## About this task
Output everything in the data exactly, leaving the pictures out.

## Given data
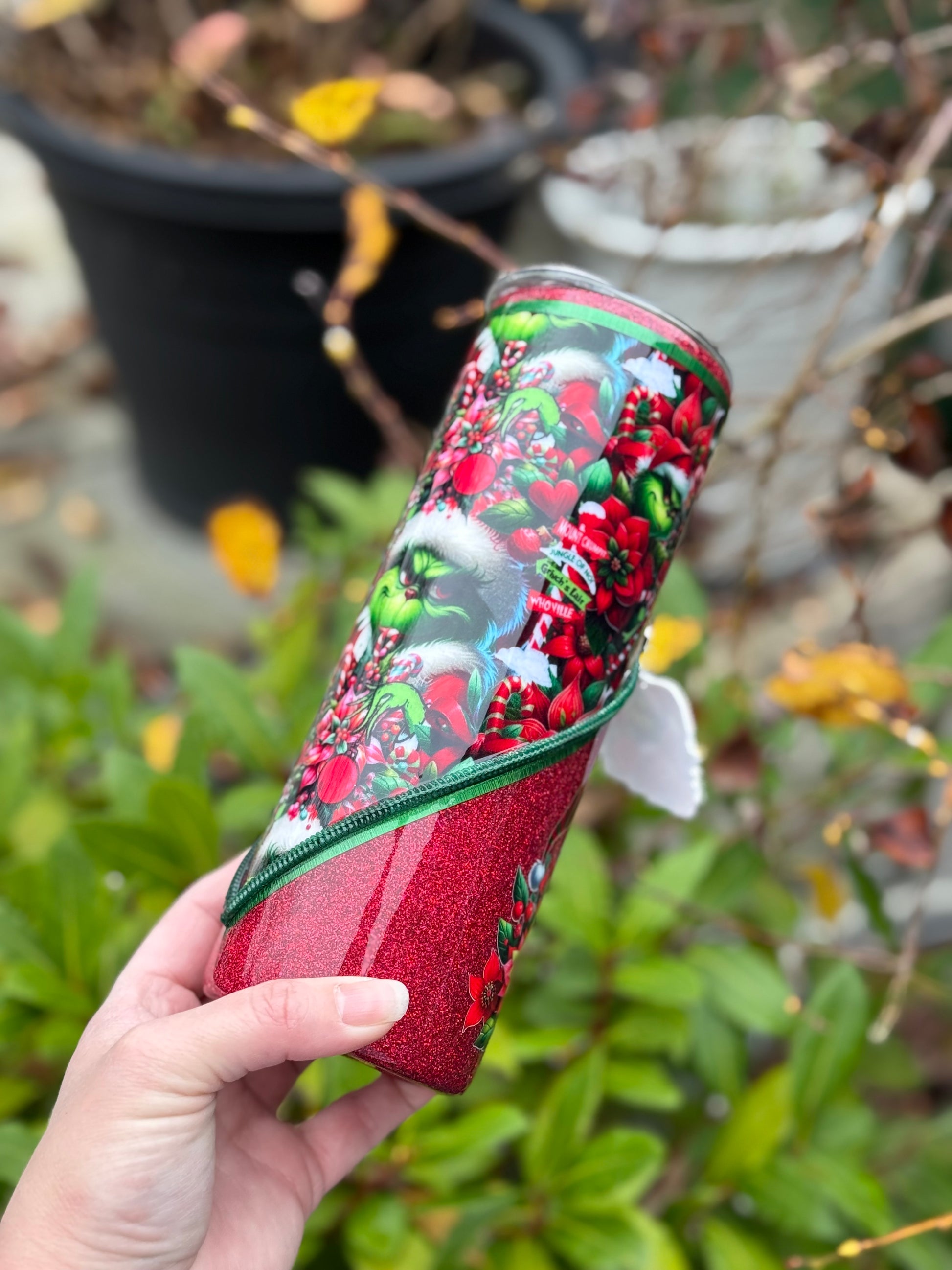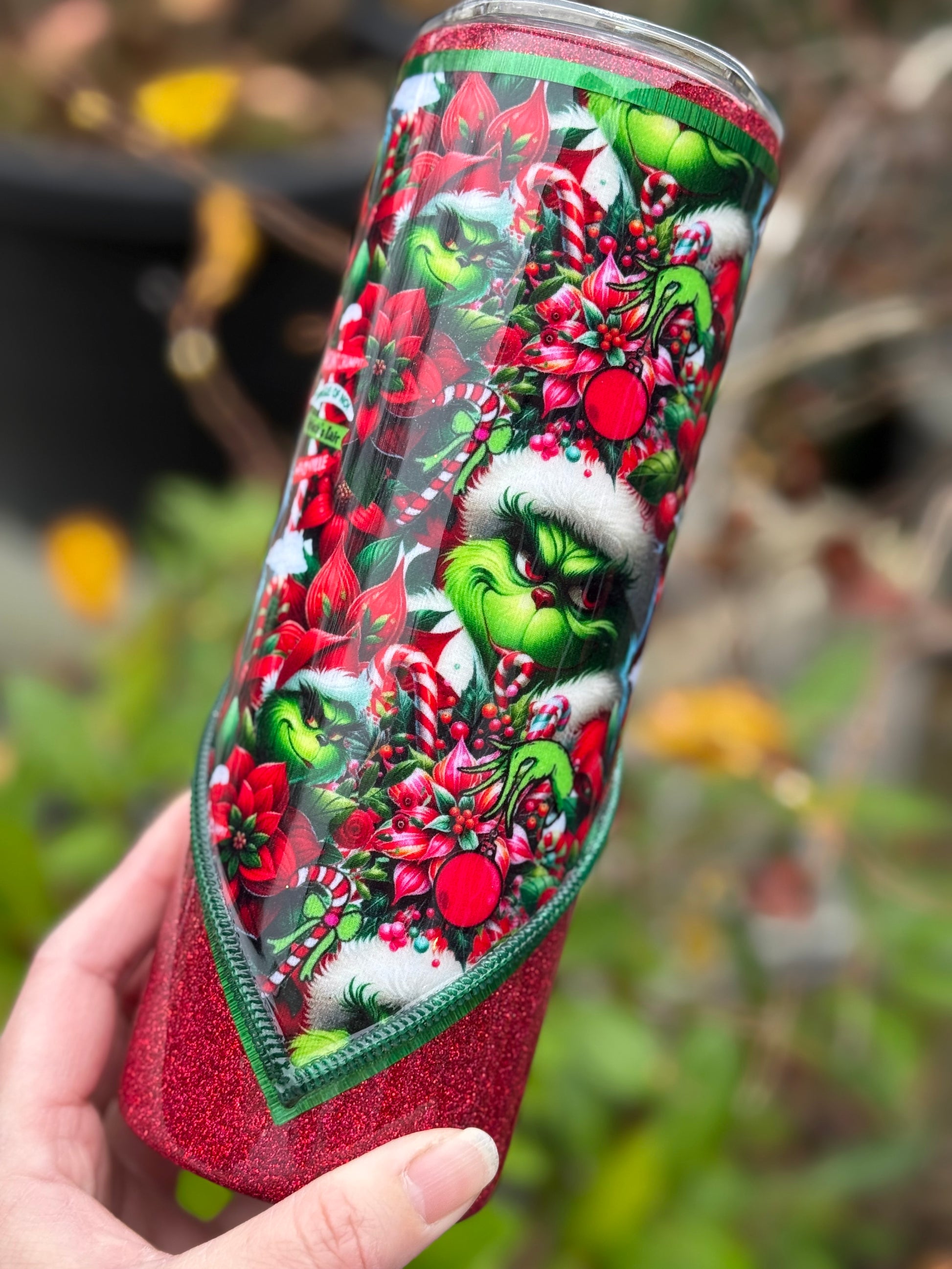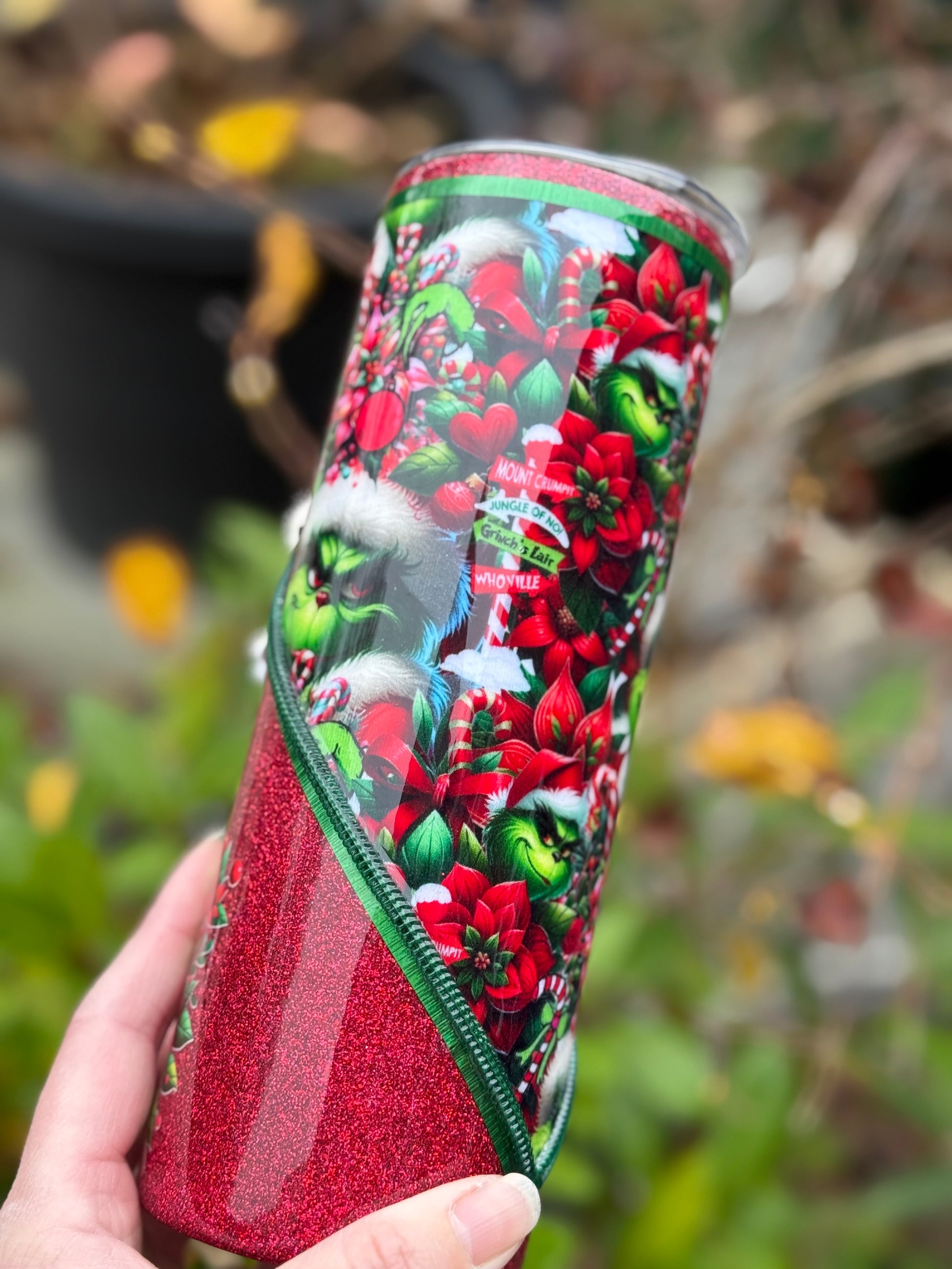 Handmade Grinch zipper tumbler
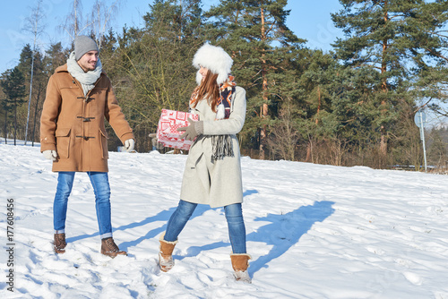 Paar mit einem Geschenk im Winter
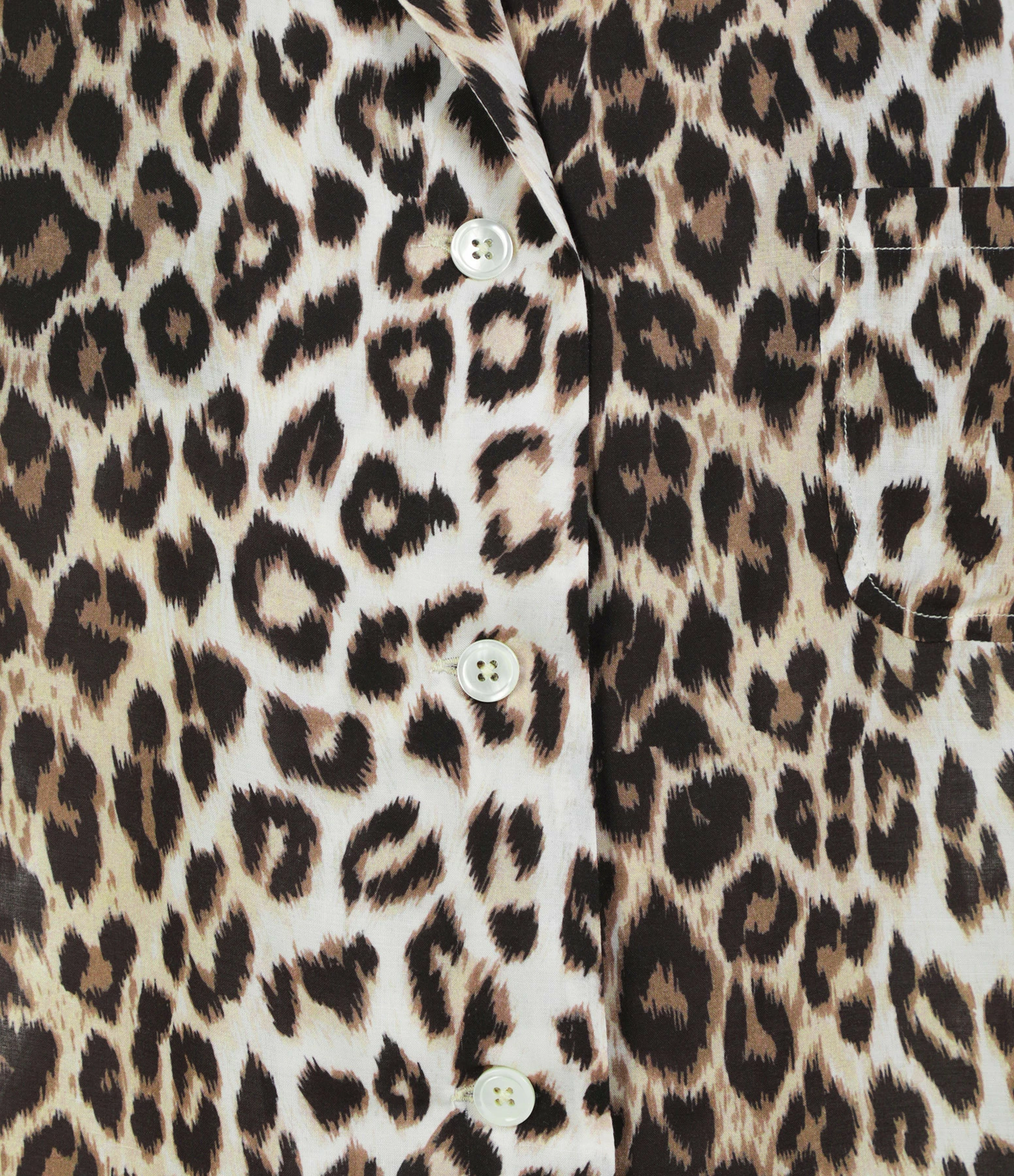 Chemise à imprimé léopard marron. Col tailleur. Manches courtes. Fermeture boutonnée. Une poche plaquée poitrine. Coupe droite. Base droite.
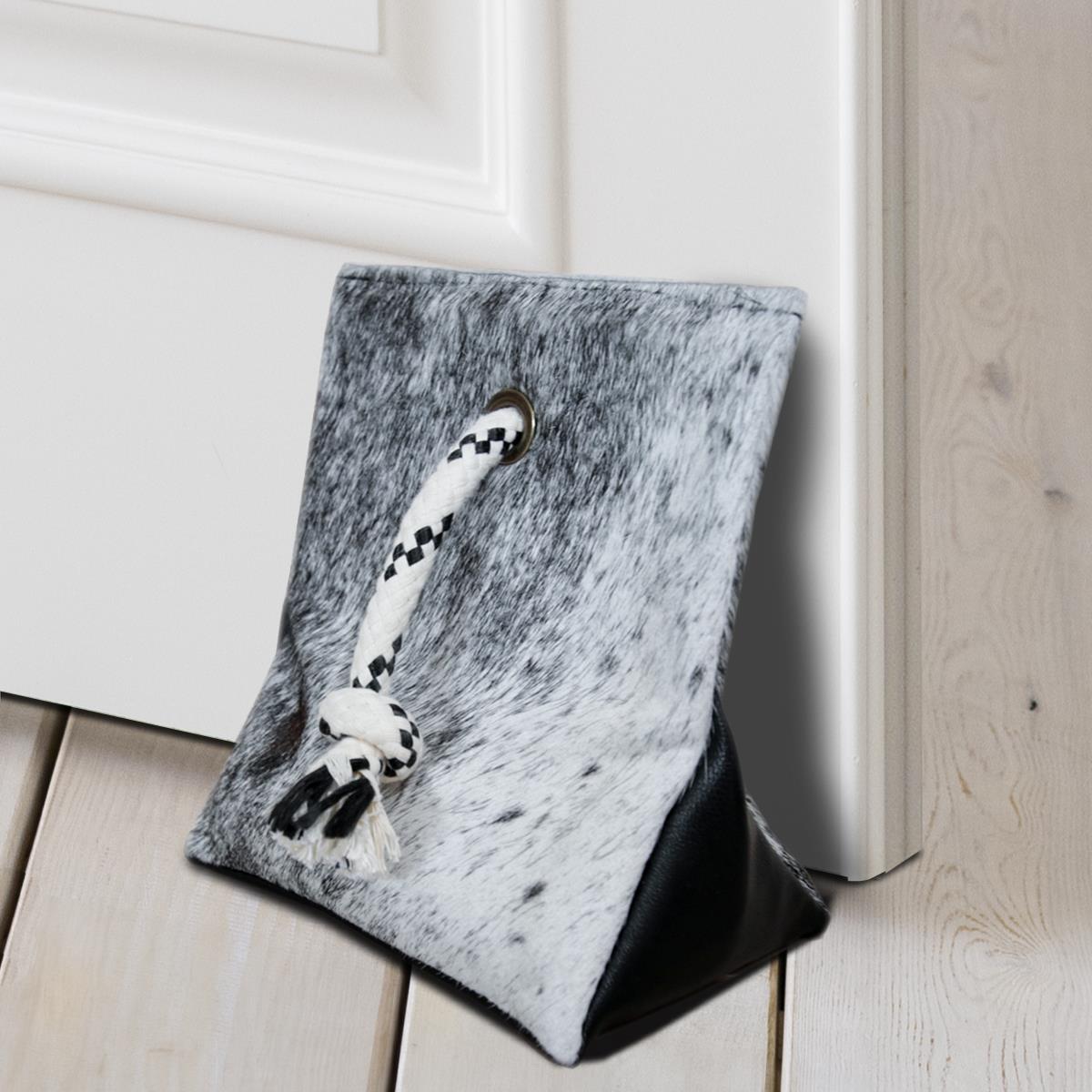 DOOR STOPPER MADE OF COWHIDE (WEIGHTED WITH SAND) - SALT & PEPPER BLACK - 8" x 7"

## Task answer
 Handmade Grinch zipper tumbler
 Paar mit einem Geschenk im Winter
 Chemise à imprimé léopard marron. Col tailleur. Manches courtes. Fermeture boutonnée. Une poche plaquée poitrine. Coupe droite. Base droite.
 DOOR STOPPER MADE OF COWHIDE (WEIGHTED WITH SAND) - SALT & PEPPER BLACK - 8" x 7"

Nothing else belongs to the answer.